To that end, from May 10-11, 2016, 46 representatives from 23 countries gathered in Siena, Italy, to identify challenges and best practices for achieving high vaccination coverage among older children and adults. Attendees included measles and rubella focal points from national immunization programs, representatives from the U.S. Centers for Diseases Control and Prevention (CDC), the WHO and its regional offices as well as civil society leaders from various international pediatric associations and Lions Club chapters.

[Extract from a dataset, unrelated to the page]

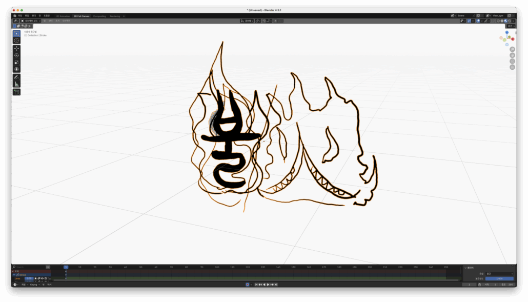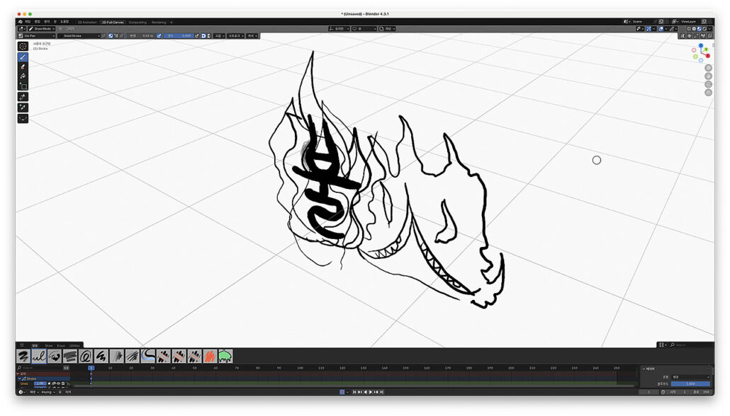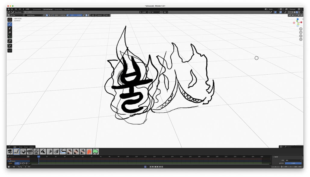 blender4.3.1 그레이스 펜슬을 이용해서 만화 효과음 폰트 만드는 방법을 연구를 하다가 애니메이션을 만들고 있었습니다.

The cornerstone of the agenda was sharing experiences and exchanging ideas on strategies and tactical measures to close immunity gaps in these age groups from a country-based perspective. Presentations revealed unique approaches to maintaining high routine coverage, such as Australia’s “No Jab, No Pay” law as well as experiences with campaigns when dealing with high influx of migrants or refugees. Discussions and group exercises focused on methods for obtaining high-quality data coverage in all age groups, identifying areas and groups at risk, and implementing effective actions when gaps in immunity are identified.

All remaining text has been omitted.